# Idee für ein Logo



## solomat (23. September 2005)

Hi, ich soll ein Logo für ein PC-Spiel erstellen, es handelt sich dabei um ein Mech Game wenn es jemanden was sagen sollte. Hab das aktuelle veralltete Logo mal mit angehangen. Mir fällt dazu irgendwie nich viel ein. Das die Schrift in irgendeiner Art und Weise nach Stahl aussehen sollte ist klar, aber nur so gehts doch nich oder?
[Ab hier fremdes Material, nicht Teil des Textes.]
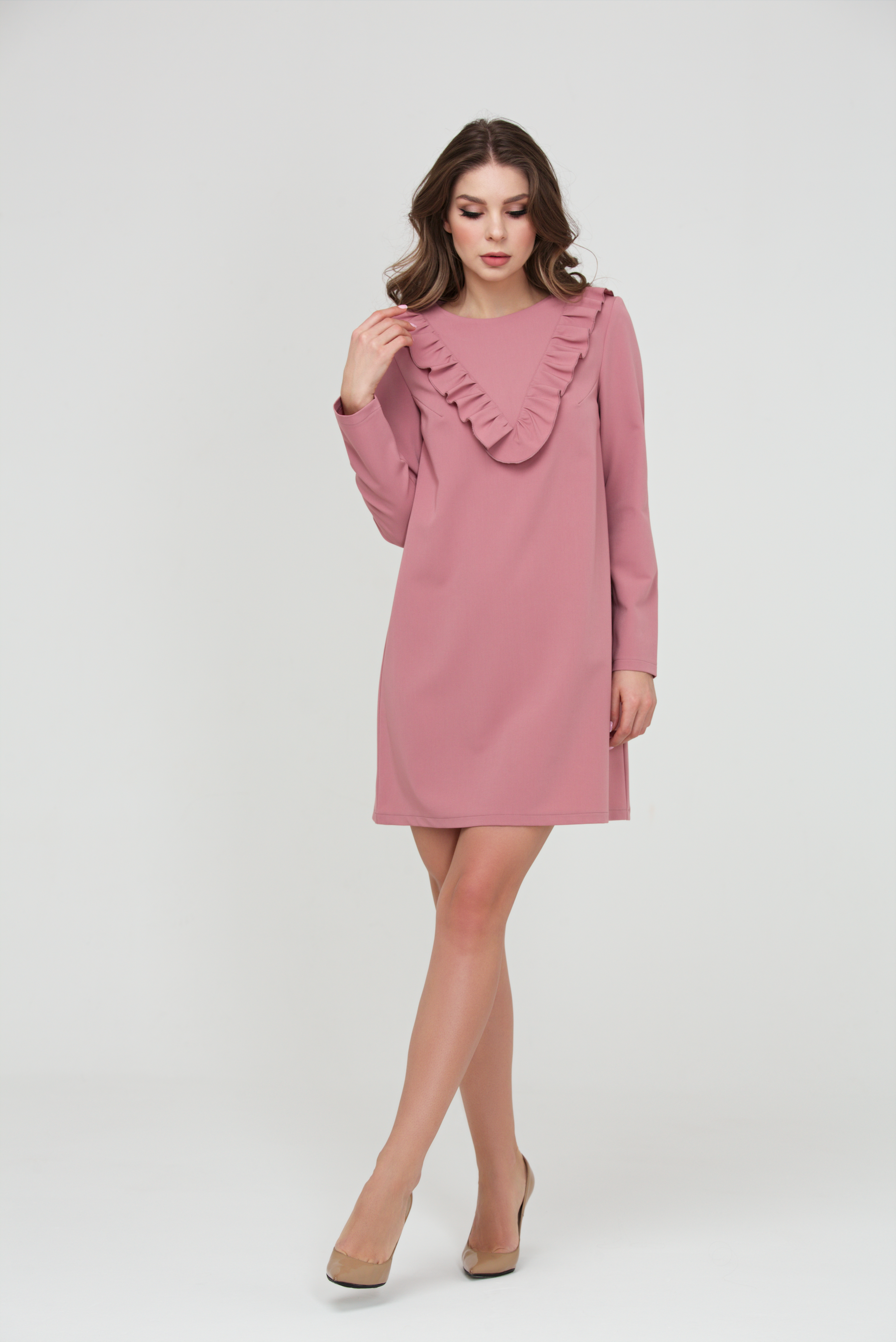 Романтичное плате полуприлегающего силуэта из плательной ткани <<гальяно>>. На полочке вверены нагрудные вытачки и декоративная рюша. Вырез горловины круглый не глубокий. В среднем шве спинки застежка на потайную молнию. Рукав втачной длинный.
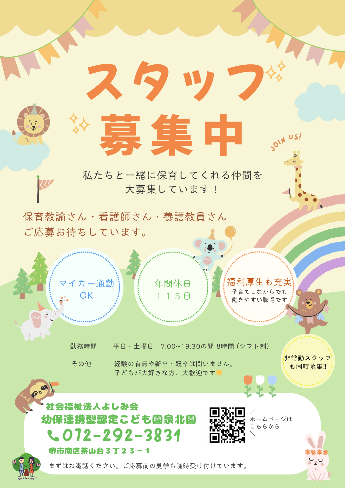 泉北園では、保育教諭、看護師、養護教員を募集しています。

Sitz seit 2 Tagen daran und bin am überlegen.


----------



## rflx (23. September 2005)

Hi solomat


NEIN! du hast Recht.. nur so geht es nicht 

Ich gib dir ein paar Tips:

1. Such nach einer guten Schrift für das Logo. (etwas kantiges)

2. Es gibt Zahlreiche Tuts. von "Stahlschriften" -> Beispiel 

3. Mach vielleicht ein paar gute Screenshots von eurem Game (Kannst sie vielleicht brauchen)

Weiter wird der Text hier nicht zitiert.